A potencial invasivo de células Caco-2, SW48, HT-29, Colo205, SW480, SW620, RKO, LS174T e HCT-116 células foi avaliada por ensaio de quimioinvasão [24]. Resumidamente, filtros de policarbonato isento de polivinilpirrolidona (Millipore, Co. Cork, Irlanda) com 12 mm poros foram revestidas com Matrigel (Sigma-Aldrich). DMEM fresco suplementado com 10% de calor-inactivado FBS foi colocada na câmara inferior como quimioatractor e 1 × 10

5 células foram então semeadas na câmara superior e incubaram-se durante 6 horas com mesilato de gabexato e cetuximab, sozinhos e em combinação, a 37 ° C em 5% humidificada de CO

2. No final da incubação, as células não invasoras foram removidas da superfície superior dos filtros. Invadir as células na superfície inferior foram então fixadas durante 1 min em etanol a 95% e coradas durante 10 min com 0,5% w /v de azul de toluidina. No ensaio de migração, o mesmo procedimento de ensaio de invasão foi seguido, excepto que os filtros foram revestidas com gelatina (Sigma-Aldrich). As fotografias foram tiradas com um microscópio Olympus CKX41 invertido (Olympus Italia, Milão, Itália), equipado com uma câmera Olympus C5060-ADU (Olympus Italia). Para cada amostra, quatro campos ópticos aleatórios no × 200 de ampliação total foi analisado e o número médio de células invasoras foi calculado da seguinte forma:. Número de células invadindo dizer /número de células que migram correspondente significa

In vitro Angiogenesis ensaio

In vitro angiogénese foi avaliada pela diferenciação de células endoteliais em estruturas do tipo capilar em Matrigel. Resumidamente,-factor de crescimento enriquecido Matrigel (BD Biosciences, Bedford, MA, EUA) foi colocado numa placa de 24 poços com gelo e deixou-se polimerizar durante 1 h a 37 ° C. células endoteliais EA.hy926 (1,2 × 10

5 /poço) foram então plaqueadas e incubadas durante 24 horas com uma quantidade igual de células Caco-2, SW48, HT-29, Colo205, SW480, SW620, RKO, LS174T e HCT -116 meio condicionado, obtido como descrito acima na secção materiais e Métodos. meio condicionado de células do cancro é geralmente utilizada efectivamente em ensaios in vitro para imitar a angiogénese que ocorre durante a angiogénese do tumor in vivo [25]. No final da incubação, uma organização tridimensional foi observada através de uma luz de contraste de fase microscópio invertido.

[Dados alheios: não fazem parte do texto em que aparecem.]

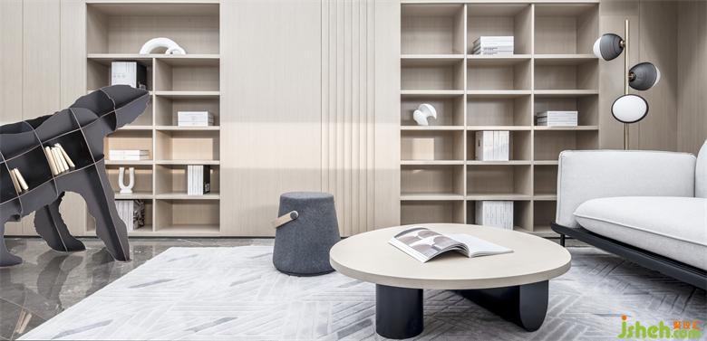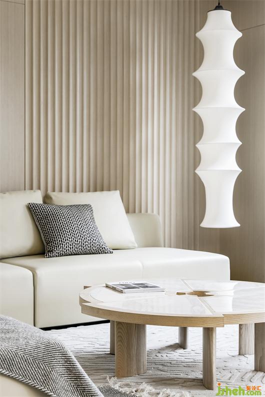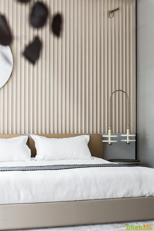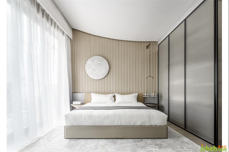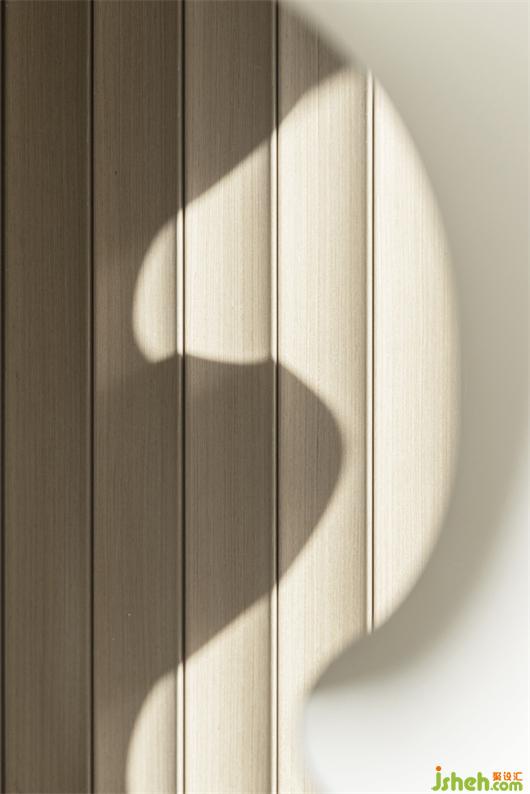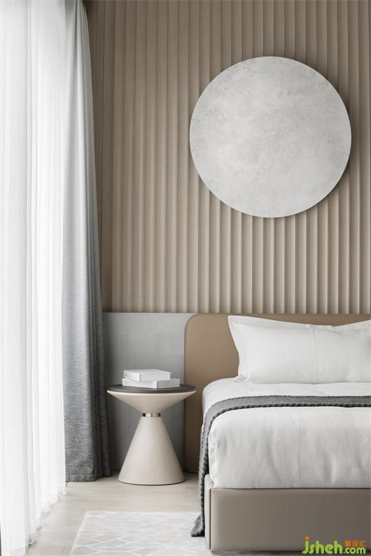疊墅樣板房設(shè)計(jì)師善于用光學(xué)技巧與幾何學(xué)法則打造出帶有自然、夢境與意念相糅合的空間場景。大面積的木飾面采用了弧形的設(shè)計(jì),細(xì)節(jié)考究,加上四時(shí)不同光線的提煉,讓空間界面浸潤在陰影的交錯(cuò)與明暗之中,凸顯出時(shí)間對于空間的意義。床頭背景墻一輪灰色的月影,在光線充沛的白日,如同月之暗面一樣安靜的存在著。待到日暮時(shí)分緩緩亮起,為室內(nèi)灑下安靜皎潔的“月光”。

De fotografias de quatro campos representativos de cada amostra foram obtidos a 200 × ampliação total com um microscópio Olympus CKX41 invertido (Olympus Italia), equipado com uma câmara Olympus C5060-ADU (Olympus Italia). Uma medição semi-quantitativa de estruturas do tipo capilar (tubo de índice de formação) foi realizada como previamente descrito [26].

Análise estatística

Os resultados são expressos como a percentagem média ± D.P.. Os dados foram analisados ​​por ANOVA seguido pelo teste post hoc de Bonferroni, utilizando PRISM 5.01 versão do software (GraphPad Software, San Diego, CA, EUA). Um valor de p 0,05 foi considerado estatisticamente significativo

Reconhecimentos

Os autores agradecem o Center for Applied Biomedical Research (CRBA, Hospital Sant’Orsola-Malpighi, da Universidade de Bolonha, Bolonha, Itália. ) para fornecer as instalações para o presente estudo e Dr. Carla Bini (Departamento de Medicina e Saúde Pública da Universidade de Bolonha, Bolonha, Itália) para autenticação linha de células.